The Reality of Martin’s Death

It was never real. It never felt real. It never seemed real. Any of it. 
The morning I received the phone call to say that Martin was missing, I knew that he was dead. I honestly knew it, as I put the phone down and decided what needed to be done, what I needed to do, I planned it all knowing that we were too late, he was dead. Yet it still didn’t seem real when the police car pulled up, as the policeman entered the house and pleaded with a reluctant, frightened and shaking me to sit down. As he spoke the words I knew I was going to hear, it didn’t seem real. Almost like I was an outsider looking in on somebody else’s life, somebody else’s pain, somebody else’s misfortune. This wasn’t real life. No way. And as the days blurred together but somehow moved on, it still wasn’t real to me. He’d be back, he wasn’t gone forever. No way had that happened. And because it didn’t feel real, I didn’t feel like me. I was a different version of me. Ghost like. I was emotional yet numb. I was a million and one conflicting feelings. I couldn’t think or concentrate like I had done before. I was different. It had changed me. I didn’t feel real either.

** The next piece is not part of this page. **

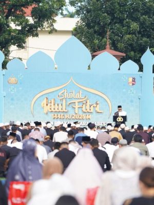 Salat Idulfitri kali ini dipimpin oleh Prof. Dr. K.H. Asafri Jaya Bakri, M.A., yang dalam khutbahnya mengingatkan pentingnya menjaga ketakwaan, mempererat silaturahmi, serta memperkuat sinergi antara aparat kepolisian dan masyarakat.

It was a few days before his body was released and lay in the chapel of rest at the funeral directors. A few days of waiting. Waiting until I could see him, the father of my children. The man who I had once loved enough to want to marry, the man who I had loved enough to create life with. The man who had very much been alive in my world. A few days of waiting before I could finally believe, with concrete evidence in front of me, that it was real. That he no longer breathed the same air, that that heart I had once believed belonged to me, no longer did it’s job of keeping him alive. That he had gone.

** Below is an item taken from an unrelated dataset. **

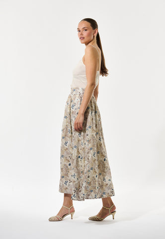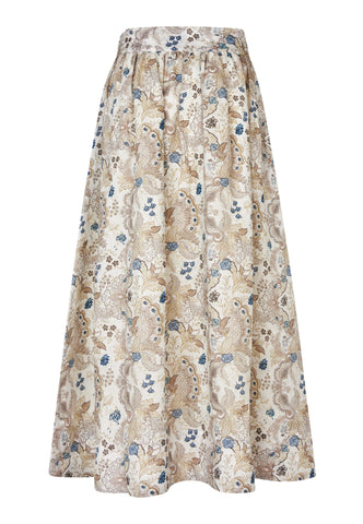 Feminine and comfortable for a summer day, this beautiful linen skirt in a pretty floral print of natural shades falls from a wide, high waistband to a full flared shape that ends at mid calf. It is fully lined and there are side pockets to give an easy attitude.

But that didn’t happen, I didn’t ever get my evidence. I could have argued and demanded that I saw him, they would have had to have let me, but they didn’t want to. The funeral director was honest, she didn’t want me to see him. She could see no benefit of seeing Martin looking like he did. He had been in the water too long, possibly as long as three days. He was no longer the Martin that I remembered. It was a very hard fact to accept. I had prepared myself for seeing him, knowing that it was something I needed to do, but that chance was taken away. I wish that I had asked to see his hand, the one with the stupid Indian ink tattoo he’d given himself at school. His hand would have been enough, I’d have known, without any doubt, that it was his hand. I could have held it one last time. I wouldn’t have needed to see anymore than that, his hand would have been enough. I would have held it, one last time, whilst I said goodbye and let myself finally believe that it was real. I’d have seen with my own eyes that he was really gone. I regret not thinking to ask to see his hand.

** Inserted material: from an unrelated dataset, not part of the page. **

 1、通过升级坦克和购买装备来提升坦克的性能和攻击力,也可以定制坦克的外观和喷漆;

I can’t be sure how different things would have been had I seen Martin’s body. I’m not sure if the nightmares would have been a bit kinder, because I’ve seen Martin in those, in all sorts of different ways. Some of them disturbing, my imagination deciding how he would have looked and then presenting him that way in my dreams. There were other nightmares too, where he wasn’t really dead. I’ve had a lot of those, a big misunderstanding or an elaborate plan to fake his death, me finding out and then waking stressed, angry and distraught. They were the kind of dreams I had almost every night for a long time after his death, maybe I’d have been spared a few of those restless nights had I had the proof that his death was real.


As time has passed I have learnt to accept the reality of Martin’s death. I can’t understand it, I never will. There are just too many questions left unanswered for me to ever understand why. I still ask those questions, to myself, to friends and family. I still try and put the pieces of a never ending puzzle back together, but now I do it with an understanding that I will never be able to solve that huge impossible puzzle, no matter how hard and how long I try. For me there’s a kind of peace in finally accepting that, and in facing up to the reality that he really has gone forever.